Telegraph Operator in Virginia City. John Uriel Hayes just wasn’t cut out for the priesthood. He knew that. His mother and religious mentors did not.
“He kept running away from home,” says Juanita Swinehart of Vancouver, his granddaughter. “And every time the priest would go after him and bring him back again.”
About age 14 , he changed his name to Jeff W. Hayes and lit out as a 19th-century version of the computer geek: a telegraph operator. Eventually he was highly regarded in the Portland business community and as one of the city’s literary lights.
Hayes was born in March 1853 in Cleveland, Ohio, according to a history by his late daughter, Evangeline Rydman. He was the son of immigrants: his father, William Henry Hayes, from Ireland; his mother, Mary Elizabeth (Henry) Hayes, from Scotland.

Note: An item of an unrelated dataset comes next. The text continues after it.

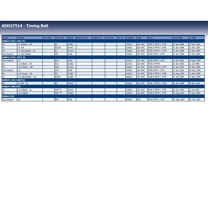 • OE numbers (for comparison purposes only): Honda 14400-P1J-E01; OEM numbers (for comparison purposes only): Bosch 1 987 949 134, Dayco 94158, Continental / Contitech CT1070, Bosch 1 987 949 577, GATES 5232XS, Bosch 1 987 AE1 016
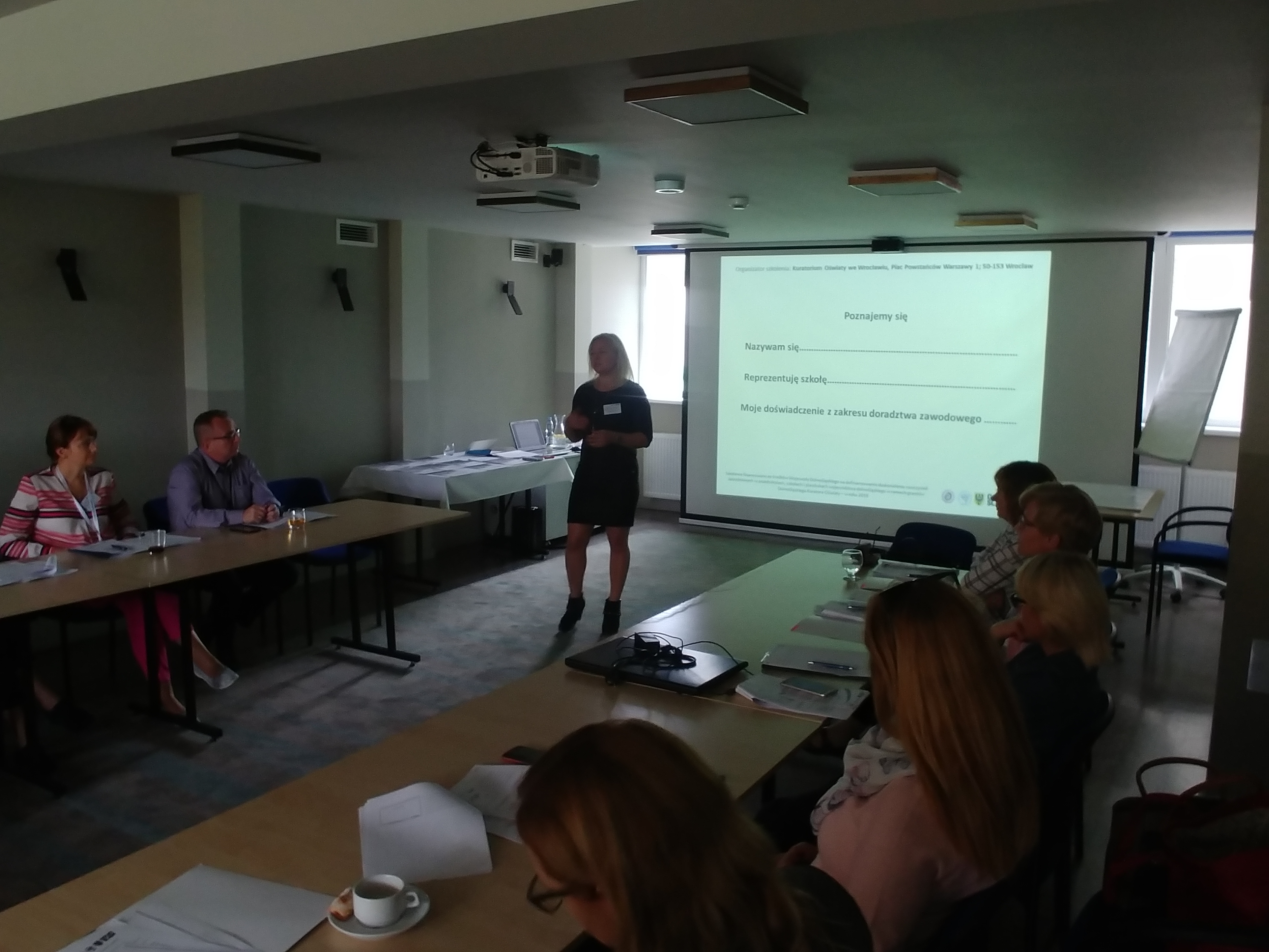 Dwa dni grantu były bardzo intensywne, wypełnione różnymi treściami z zakresu pracy z uczniem zdolnym i doradztwa zawodowego. Pierwszy wykład wygłosiła Halina Nawrotek, Koordynator Zespołu DCWU, na temat Efektywne sposoby wspierania uzdolnień i zainteresowań uczniów oraz szkolnego doradztwa zawodowego – założenia koncepcji Dolnośląskiego Systemu Wspierania Uzdolnień. Przypomniała o długiej tradycji Dolnośląskiej Sieci Szkół Wspierających Uzdolnienia i wyeksponowała wyzwania, jakie stoją przed szkołami w związku z dokonującą się reformą. Ewa Norkowska, Kierownik Zespołu ds. kształcenia zawodowego, w swoim wystąpieniu pn. Rola nauczyciela i rodzica w doradztwie. Aktualne przepisy prawa oświatowego w zakresie doradztwa zawodowego w Polsce bardzo mocno zaakcentowała potrzebę dialogu między środowiskiem rodzinnym i szkolnym uczniów, by wspierać ich w życiowych wyborach, dotyczących kształcenia i wyboru zawodu. Ostatnie wystąpienie Krystyny Pac-Marcinkowskiej i Małgorzaty Reichel pt. Potrzeba doradzania uczniom o zidentyfikowanych zainteresowaniach i uzdolnieniach w wyborze dalszej ścieżki kształcenia oraz przyszłego zawodu było dopełnieniem wcześniej zasygnalizowanych treści, podkreślało rangę doradztwa zawodowego w przygotowywaniu ucznia szczególnie uzdolnionego do funkcjonowania na rynku pracy.

His father prospered as a shoe and boot merchant, then served as Cleveland city assessor and later as Cuyahoga County treasurer. His mother, daughter of a Presbyterian minister, converted to Catholicism and promised a son and a daughter to the church. John/Jeff, the third of five children, was the priest-designate.
He was having none of it. He taught himself Morse code and excelled at its technology. After leaving home, he worked as a telegraph operator on the Lake Shore Railroad in Pennsylvania.
“The telegraph, in its inception, had identified with it men of a high order of literary attainment,” Hayes wrote in his 1916 book, “Autographs and Memoirs of the Telegraph.” “Professor Morse was an artist of international reputation.”
Western Union Telegraph opened in Virginia City, Nevada. The operator there was Jeff W. Hayes, he helped to organize the Nevada & California Telegraph Company, superintending the construction of the telegraph from Carson City, Nevada to Bodie, California. Eighteen months later he made a small fortune as one-third owner of the Great Sierra Mine, which was sold for $100,000.